🤖 AI Summary
Existing 2D vision foundation models (e.g., DINOv2, CLIP, SAM) struggle to generalize directly to 3D scene understanding due to the dimensionality gap and lack of explicit 3D geometric priors.
Method: This paper proposes a learning-free 2D feature uplift paradigm that efficiently maps semantic features onto 3D Gaussian Splatting representations. Instead of relying on conventional reconstruction losses, it introduces a graph diffusion mechanism that jointly encodes 3D geometric structure and DINOv2 feature similarity to enable cross-dimensional feature alignment and propagation, followed by lightweight feature aggregation for 3D semantic decoding.

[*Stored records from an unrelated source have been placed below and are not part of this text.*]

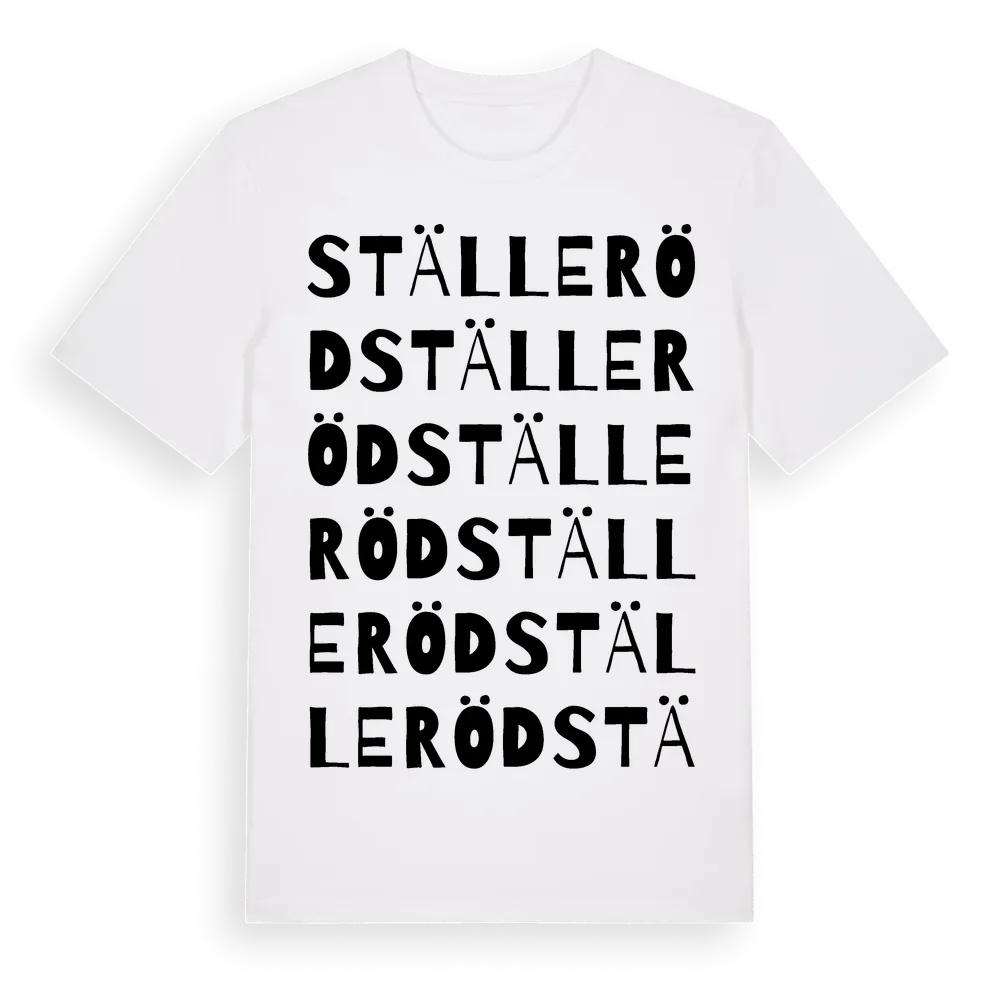 Ställeröd ordlek t-shirt är inspirerad av Ställeröd i Västra Götalands län, Sverige. Tröjan är designad för dig som har en speciell koppling till platsen – oavsett om du bor här, har rötterna här eller bara älskar Ställeröd.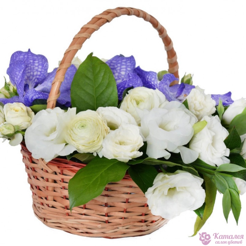 Букет состоит из 7 веток кустовой розы, 7 веток эустомы, 3 орхидеи, зелень, корзина, оазис.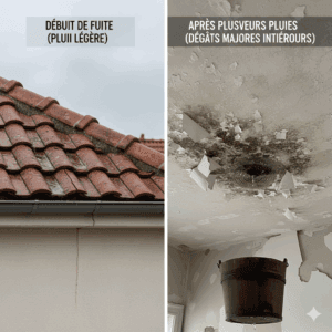 Fuite eau toit : saviez‑vous qu’une petite infiltration peut, après quelques épisodes de pluie, doubler les dégâts intérieurs si elle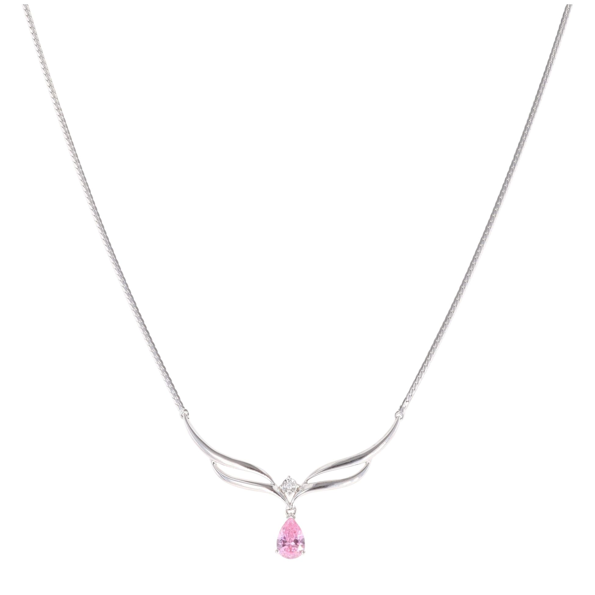 9ct White Gold Cubic Zirconia And Pink Topaz Necklace 18"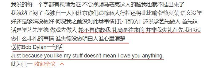 他曾公开在微博上手撕私生饭,谴责他们跟踪,无脑搭讪,打电话。
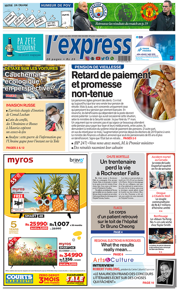 Les grands titres de l'express de ce lundi 7 mars 2022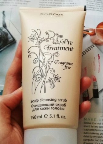 In addition, girls with scalp prone to fat should be used once every 2 weeks when washing a special scrub. It washes the area of the hair roots, cleans its horny particles from the scalp. Thus, your mane looks even more voluminous and well-groomed.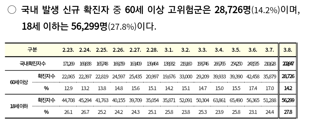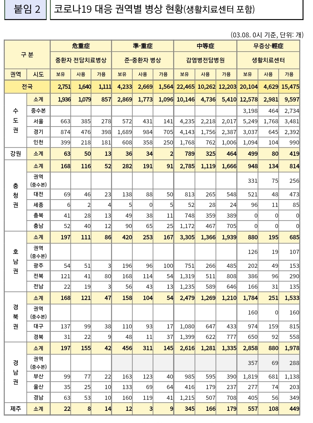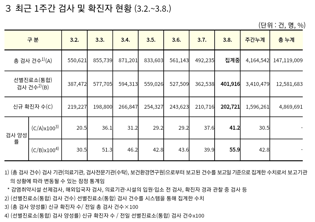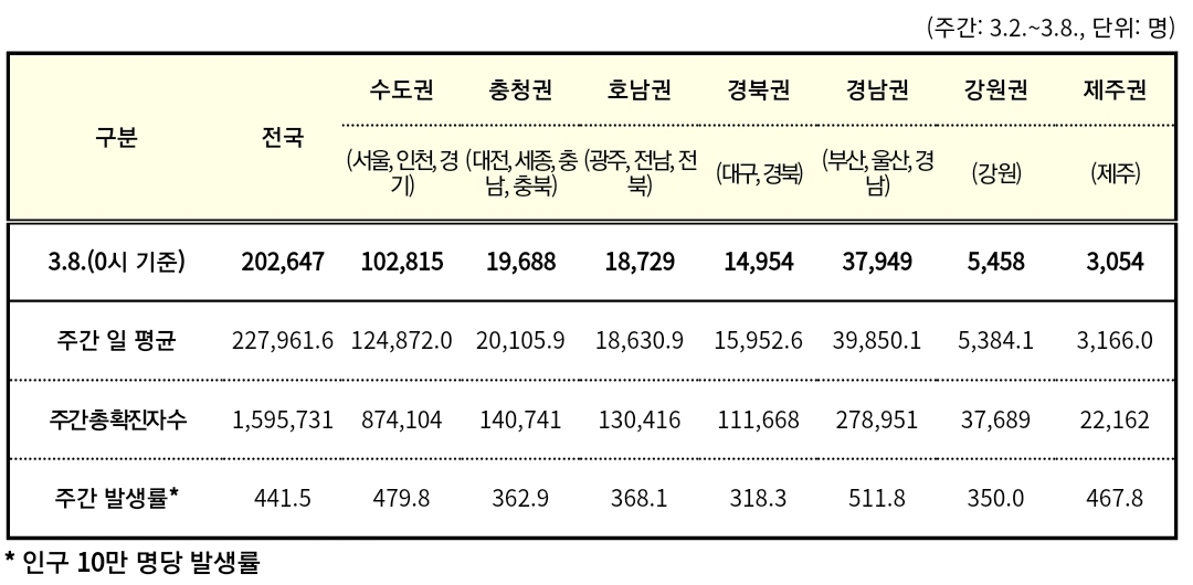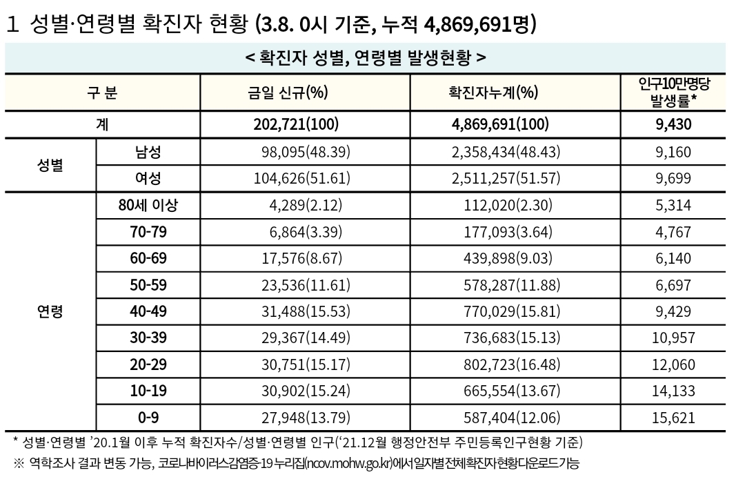 코로나19집계(2022.3.8. 0시기준): 확진자 +20.3만, 사망자 +186명, 중환자실 가동률 ~60%, 재택치료 116만(집중 18만) 본문

Contribution/Results: The method achieves state-of-the-art performance on 3D object segmentation and open-vocabulary localization, leveraging only off-the-shelf DINOv2 features—requiring no task-specific annotations or fine-tuning. It exhibits strong generalization, significantly accelerates inference, and eliminates the need for learnable parameters in the feature lifting stage.
📝 Abstract
We address the problem of extending the capabilities of vision foundation models such as DINO, SAM, and CLIP, to 3D tasks. Specifically, we introduce a novel method to uplift 2D image features into Gaussian Splatting representations of 3D scenes. Unlike traditional approaches that rely on minimizing a reconstruction loss, our method employs a simpler and more efficient feature aggregation technique, augmented by a graph diffusion mechanism. Graph diffusion refines 3D features, such as coarse segmentation masks, by leveraging 3D geometry and pairwise similarities induced by DINOv2. Our approach achieves performance comparable to the state of the art on multiple downstream tasks while delivering significant speed-ups. Notably, we obtain competitive segmentation results using generic DINOv2 features, despite DINOv2 not being trained on millions of annotated segmentation masks like SAM. When applied to CLIP features, our method demonstrates strong performance in open-vocabulary object localization tasks, highlighting the versatility of our approach.